**Records for the task:**
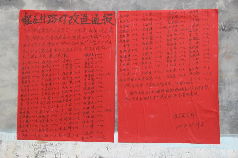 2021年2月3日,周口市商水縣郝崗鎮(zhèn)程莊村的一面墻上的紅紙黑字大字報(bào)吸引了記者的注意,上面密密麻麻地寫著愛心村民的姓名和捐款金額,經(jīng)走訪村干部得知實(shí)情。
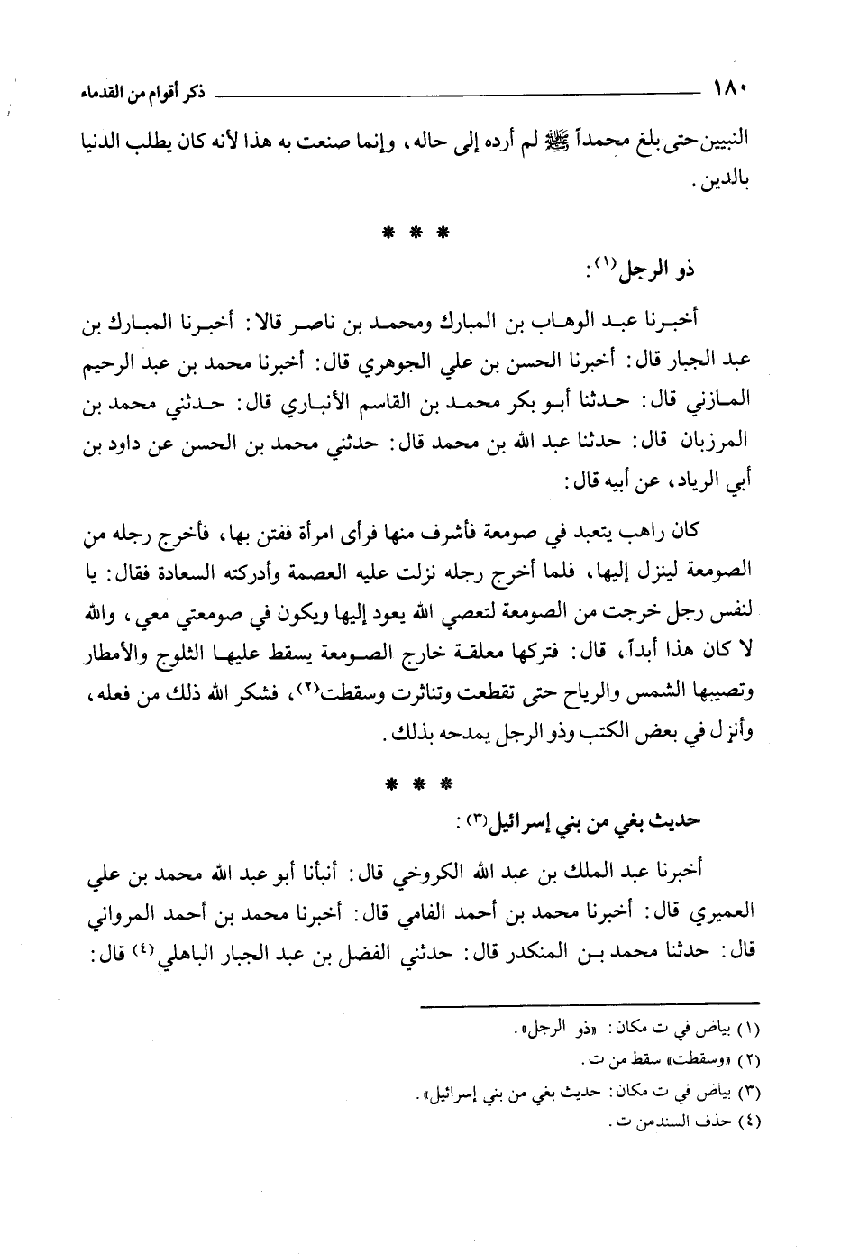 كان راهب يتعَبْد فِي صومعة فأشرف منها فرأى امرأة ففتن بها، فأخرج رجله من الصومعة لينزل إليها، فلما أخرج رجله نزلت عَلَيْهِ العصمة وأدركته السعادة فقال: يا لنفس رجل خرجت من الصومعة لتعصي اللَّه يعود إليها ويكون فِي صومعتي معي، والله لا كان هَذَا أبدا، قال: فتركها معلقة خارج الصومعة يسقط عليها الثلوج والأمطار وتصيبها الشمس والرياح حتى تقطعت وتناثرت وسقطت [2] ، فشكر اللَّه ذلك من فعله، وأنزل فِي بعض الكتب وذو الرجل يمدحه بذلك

---

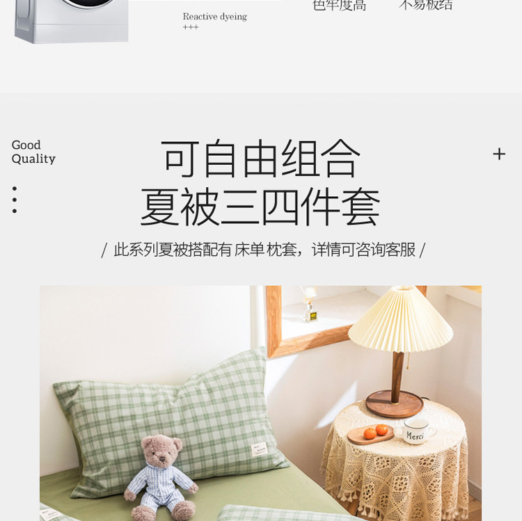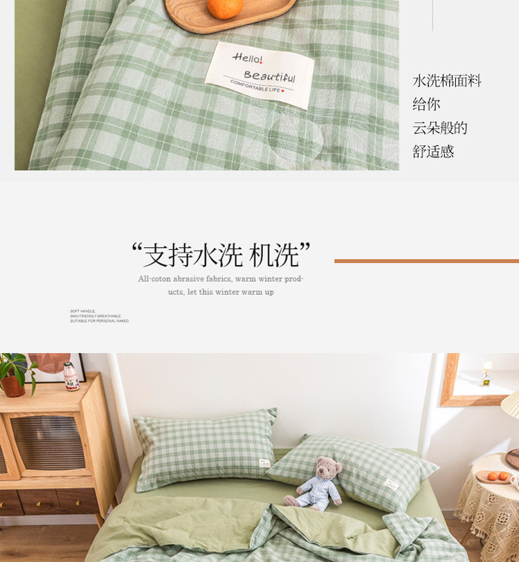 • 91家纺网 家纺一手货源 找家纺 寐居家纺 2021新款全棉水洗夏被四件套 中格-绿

**Work required:** In the listing above, find the line with "2021年2月3日,周口市商" and the line with "كان راهب يتعَبْد". Set down both and every line between them, minus the pictures.

**The completed task:**
 2021年2月3日,周口市商水縣郝崗鎮(zhèn)程莊村的一面墻上的紅紙黑字大字報(bào)吸引了記者的注意,上面密密麻麻地寫著愛心村民的姓名和捐款金額,經(jīng)走訪村干部得知實(shí)情。
 كان راهب يتعَبْد فِي صومعة فأشرف منها فرأى امرأة ففتن بها، فأخرج رجله من الصومعة لينزل إليها، فلما أخرج رجله نزلت عَلَيْهِ العصمة وأدركته السعادة فقال: يا لنفس رجل خرجت من الصومعة لتعصي اللَّه يعود إليها ويكون فِي صومعتي معي، والله لا كان هَذَا أبدا، قال: فتركها معلقة خارج الصومعة يسقط عليها الثلوج والأمطار وتصيبها الشمس والرياح حتى تقطعت وتناثرت وسقطت [2] ، فشكر اللَّه ذلك من فعله، وأنزل فِي بعض الكتب وذو الرجل يمدحه بذلك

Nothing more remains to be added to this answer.